Only the lines from the beginning of the entries through the one that holds "The 80 level continues" may appear in the answer, written out exactly and free of pictures.

[Dataset entries]
┄┄┄┄┄┄

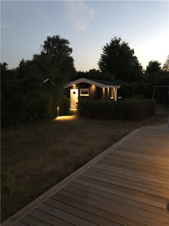 Der Garten ist ein ruhiger Rückzugsort, in dem Kinder spielen und ihrer Fantasie freien Lauf lassen können. Die großzügige Rasenfläche, umgeben von Obstbäumen und Büschen, bietet einen sicheren und charmanten Rahmen für Spiel und Entspannung im Freien – begleitet vom Vogelgezwitscher und dem Duft des Sommers in Liseleje.
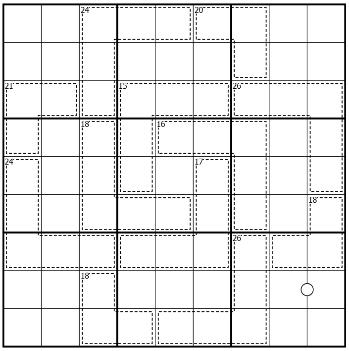 Kropki: Digits connected by a white dot are consecutive. Not all possible dots are given.
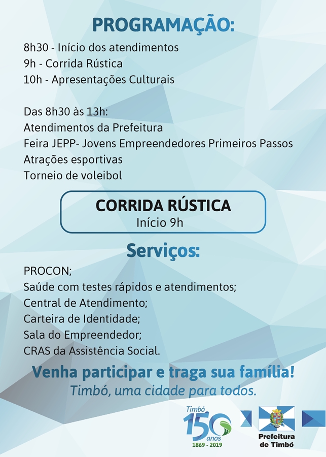 O evento no Bairro Pomeranos acontece na Escola Municipal Erwin Prade, das 8h30min às 13h. Todos os atendimentos e atrações são gratuitas. Haverá também a Corrida Rústica e um Torneio de Voleibol, sempre uma atração à parte, com início marcado para às 11h com a participação de alunos, pais, professores e a comunidade em geral.
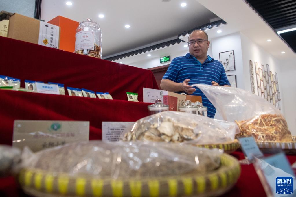 6月7日,在位于重慶市云陽(yáng)縣的重慶三峽云海藥業(yè)股份有限公司,工作人員在介紹各類(lèi)產(chǎn)品。該企業(yè)通過(guò)中藥材資源建設,帶動(dòng)庫區發(fā)展中藥材種植面積10余萬(wàn)畝。
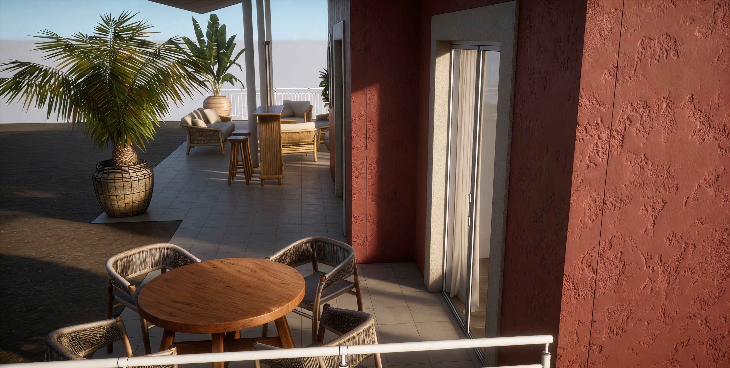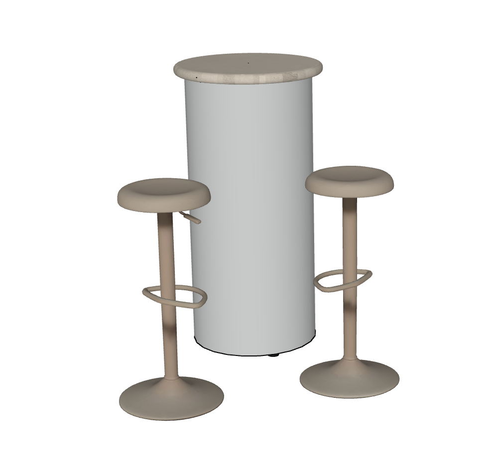 this is an image of a high table with a chrome base and sand colored mortex top next to it are 2 beige metal high stools use this furniture in a sleek and modern event setting with similar neutral colours do not change the dimensions of the furniture
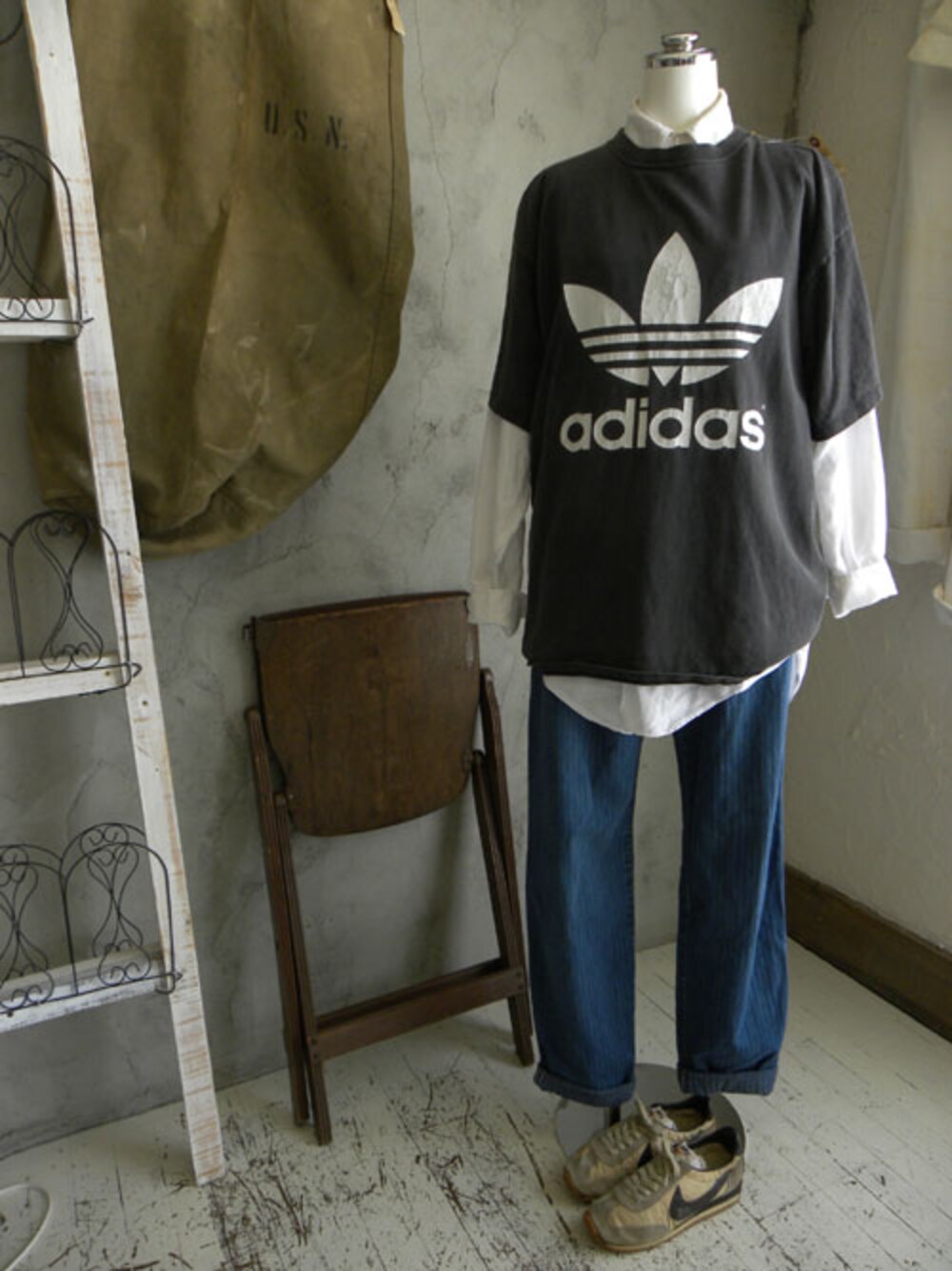 80's OLD ADIDAS WHITE B.D SHIRT 80's DENIM PANTS
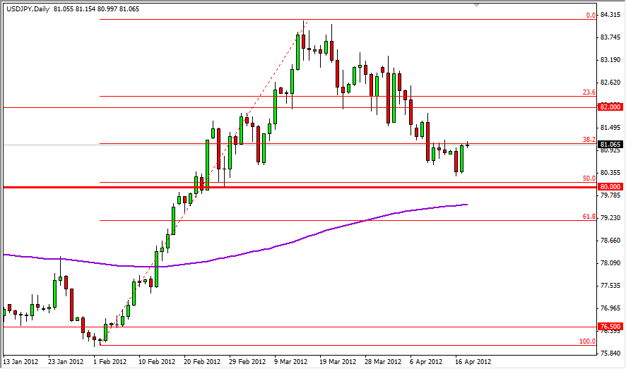 The 80 level continues to be the mark or line in the sand for me. As long as we are above the area, I only want to buy this pair. In fact, I think that the trend has changed, despite the pullback we have seen. Also, the 80 handle is right about at the 50% Fibonacci retracement level from the move higher. Also, the 200 day EMA is just below the 80 level as well. All of these things add up to me believing that the path of least resistance is up. With this in mind, I am completely comfortable with buying on any pullbacks, or a 4 hour close above the 81 handle.
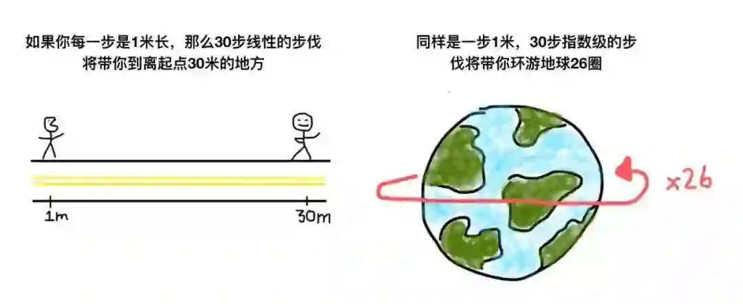 举个例子。假设你正走在一条马路上,你每一步都能迈出1米的距离,你走了6步,也就前进了6米,然后你再走24步,那么就离原点有30米的距离。你很容易知道这30步能把你带到多远,这就是简单地线性成长。
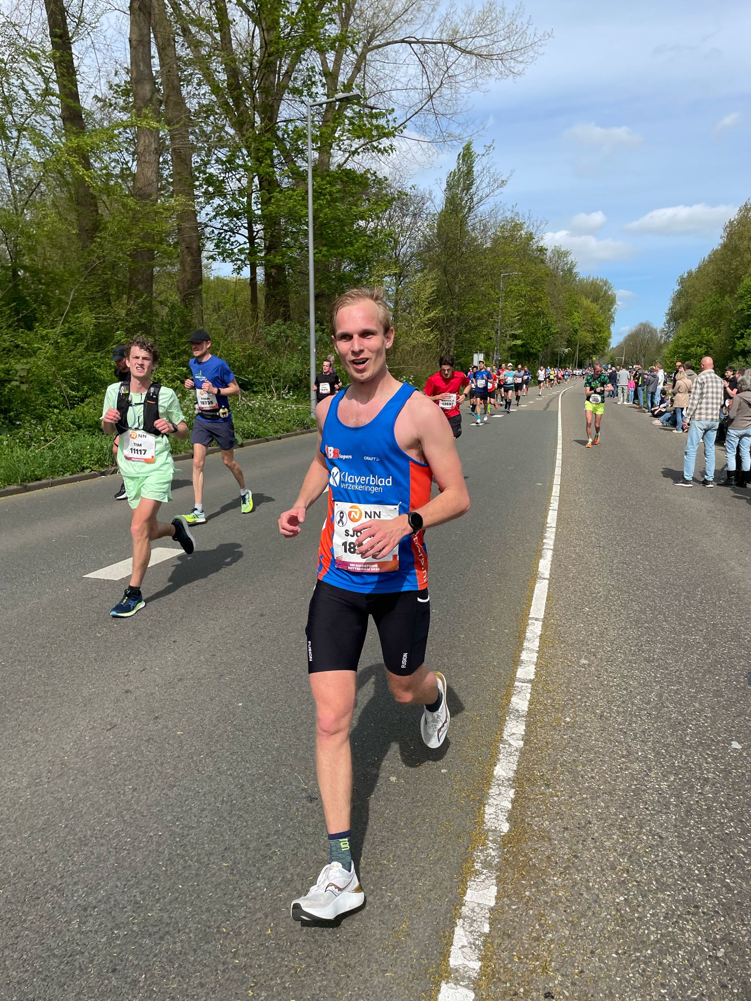 Maurits Bloem stond vandaag aan de start met een missie. Al een aantal marathonvoorbereidingen had hij gedraaid, maar blessures gooiden telkens roet in het eten. Nu was de voorbereiding beter dan ooit en blaakte hij bij de start van het zelfvertrouwen. En Maurits is een man met een duidelijk plan, laat weinig aan het toeval over. Dat plan voerde hij vandaag tot in de perfectie uit. Doel 1 was simpel: een succesvolle marathon en positieve ervaring neerzetten. En daarnaast onder de 2:50 lopen. Een realistisch doel, zo bleek. Waar veel lopers het moeilijk hadden in het zware stuk met wind tegen vanaf kilometer 35 denderde Maurits door en bleef een zeer vlakke race lopen. Maurits liep 2:48:31, 3:59 gemiddeld per kilometer. Na die tegenslagen smaakt deze prestatie extra zoet. ‘Een droom die uitkomt’, aldus Maurits. Dat een succesvolle marathon niet vanzelfsprekend is werd vandaag weer vaak duidelijk. Ook bij de 2 clubgenoten en trainingsmaatjes van Maurits. Vincent Buitenhuis en Maarten Nieuwenhuis liepen lang in hetzelfde groepje, maar kregen het onderweg zwaar. Vincent kende geen vlekkeloze voorbereiding in kreeg het na 25 kilometer al zwaar. Het tempo zakte, maar hij knokte zich naar de finish in 3 uur 12. Maarten moest helaas uitstappen omdat zijn bovenbenen besloten dat het mooi geweest was.
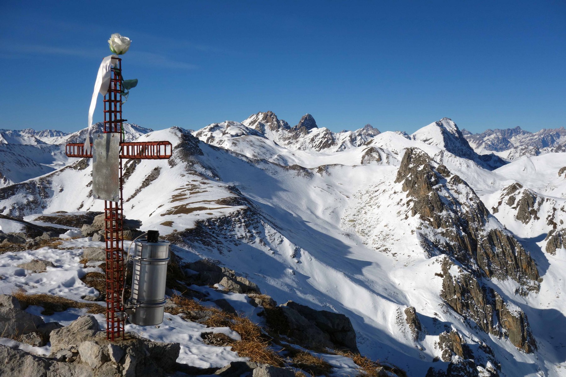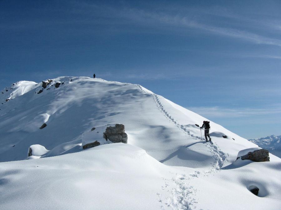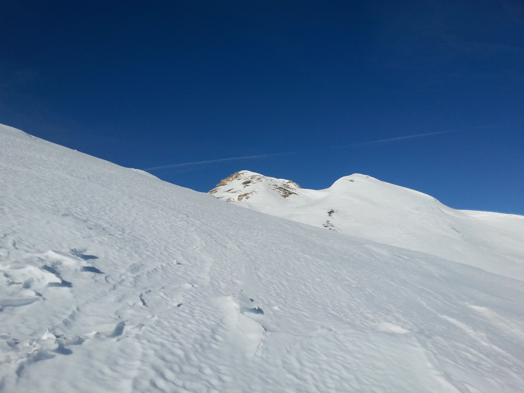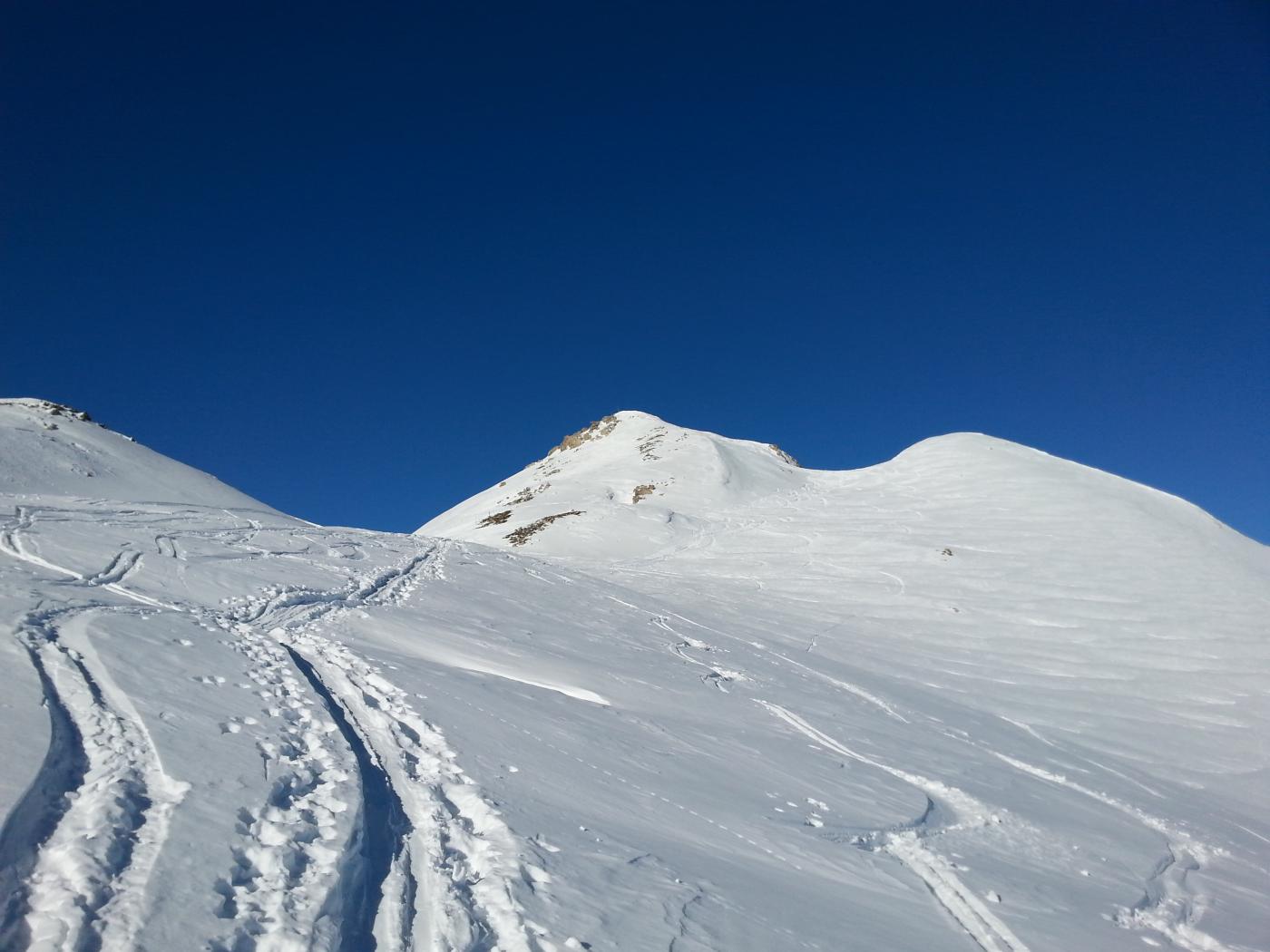 Dopo un breve falsopiano, si giunge alla base della rampa conclusiva sotto la cima. Si sale il crestone piuttosto ampio, aggirando le roccette del versante sud, e quindi sbucando sulla cresta a pochi metri dalla piccola croce di vetta.
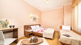 ZimmerFühl dich in einem der 24 Zimmer, die Kühlschrank und einen Plasmafernseher bieten, wie zu Hause. Ein WLAN-Internetzugang (kostenlos) ist ebenso verfügbar wie Satellitenempfang. Es sind eigene Badezimmer mit Badewannen vorhanden, die über Haartrockner und Hausschuhe verfügen. Zur Austattung gehören Telefone ebenso wie Safes und Schreibtische.
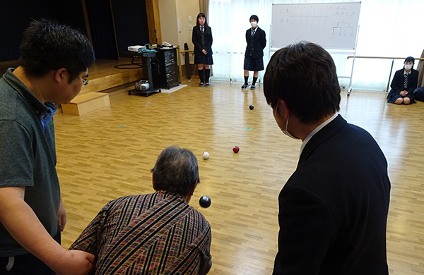 生徒が老人ホームに出向き、入居者のみなさんとボッチャをプレーする。本校ではそんな課題研究にトライしました。授業の一環であるこの活動は、生徒たちと老人ホーム入居者へボッチャを普及させると同時に、生徒に指導力や行動力を身に着けさせるねらいがあります。今回はヒューマンサービス科3年生の園芸福祉班の7名が参加しましたが、今後はクラス全体にボッチャの競技方法を覚えてもらいます。生徒は介護施設のほか、保育園や養護学校などにも行く機会があるので、この活動をさらに広げていきます。生徒を成長させ、ボッチャという競技を多くの方に伝え、学校としてオリンピック・パラリンピックを盛り上げていきたいと考えています。
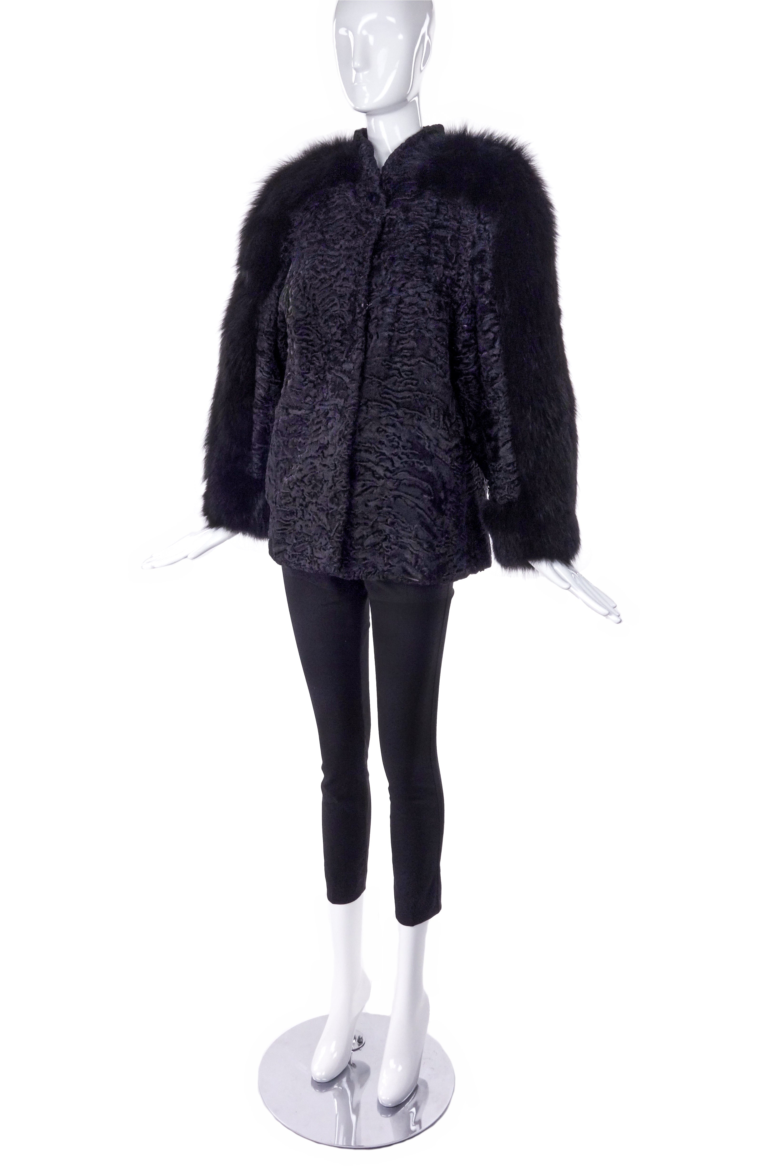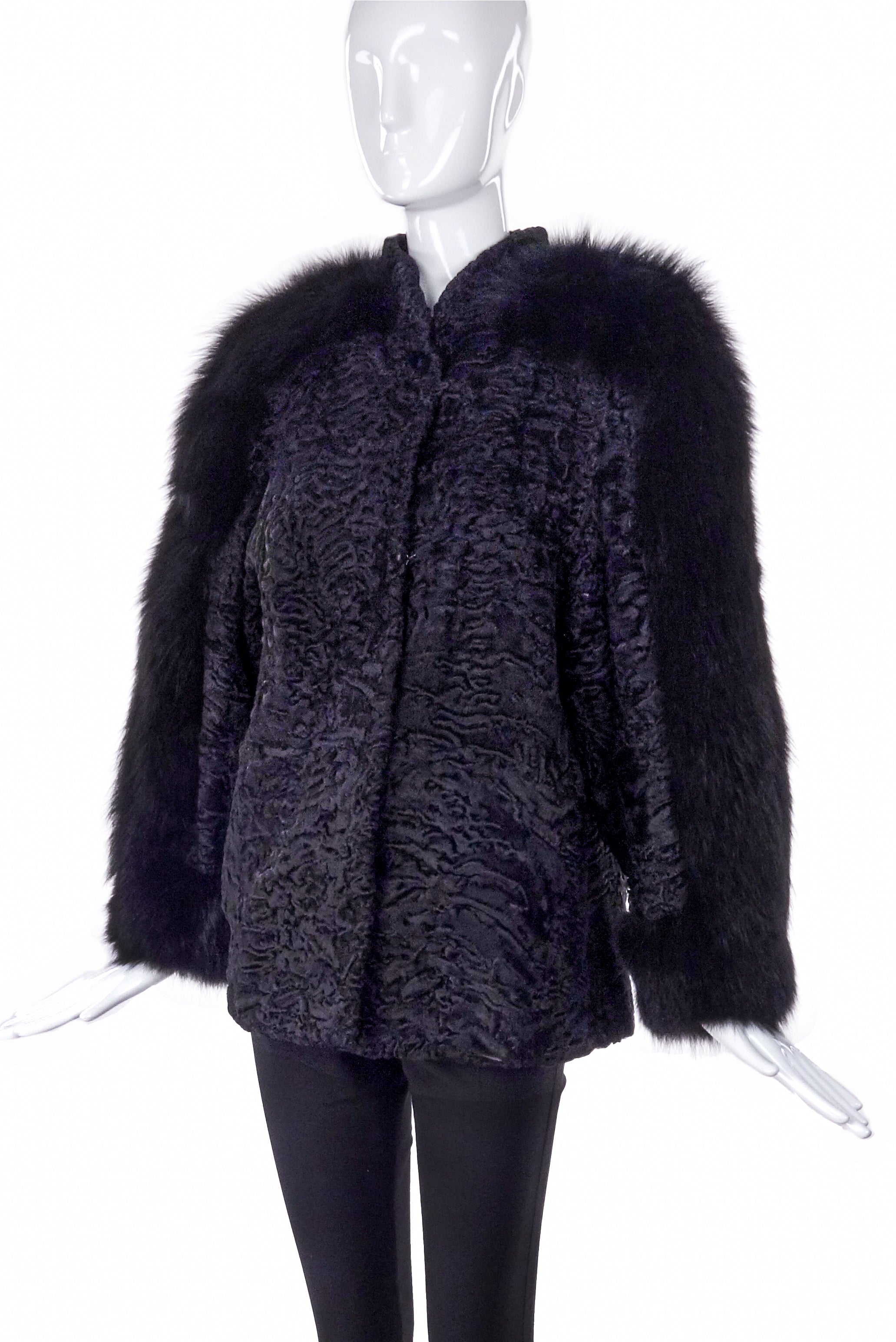 Vintage Black Astrakhan Lamb "Femme Fatale" Coat with Fox Fur Sleeve Stripe

┄┄┄┄┄┄

**Reply:**
 Der Garten ist ein ruhiger Rückzugsort, in dem Kinder spielen und ihrer Fantasie freien Lauf lassen können. Die großzügige Rasenfläche, umgeben von Obstbäumen und Büschen, bietet einen sicheren und charmanten Rahmen für Spiel und Entspannung im Freien – begleitet vom Vogelgezwitscher und dem Duft des Sommers in Liseleje.
 Kropki: Digits connected by a white dot are consecutive. Not all possible dots are given.
 O evento no Bairro Pomeranos acontece na Escola Municipal Erwin Prade, das 8h30min às 13h. Todos os atendimentos e atrações são gratuitas. Haverá também a Corrida Rústica e um Torneio de Voleibol, sempre uma atração à parte, com início marcado para às 11h com a participação de alunos, pais, professores e a comunidade em geral.
 6月7日,在位于重慶市云陽(yáng)縣的重慶三峽云海藥業(yè)股份有限公司,工作人員在介紹各類(lèi)產(chǎn)品。該企業(yè)通過(guò)中藥材資源建設,帶動(dòng)庫區發(fā)展中藥材種植面積10余萬(wàn)畝。
 this is an image of a high table with a chrome base and sand colored mortex top next to it are 2 beige metal high stools use this furniture in a sleek and modern event setting with similar neutral colours do not change the dimensions of the furniture
 80's OLD ADIDAS WHITE B.D SHIRT 80's DENIM PANTS
 The 80 level continues to be the mark or line in the sand for me. As long as we are above the area, I only want to buy this pair. In fact, I think that the trend has changed, despite the pullback we have seen. Also, the 80 handle is right about at the 50% Fibonacci retracement level from the move higher. Also, the 200 day EMA is just below the 80 level as well. All of these things add up to me believing that the path of least resistance is up. With this in mind, I am completely comfortable with buying on any pullbacks, or a 4 hour close above the 81 handle.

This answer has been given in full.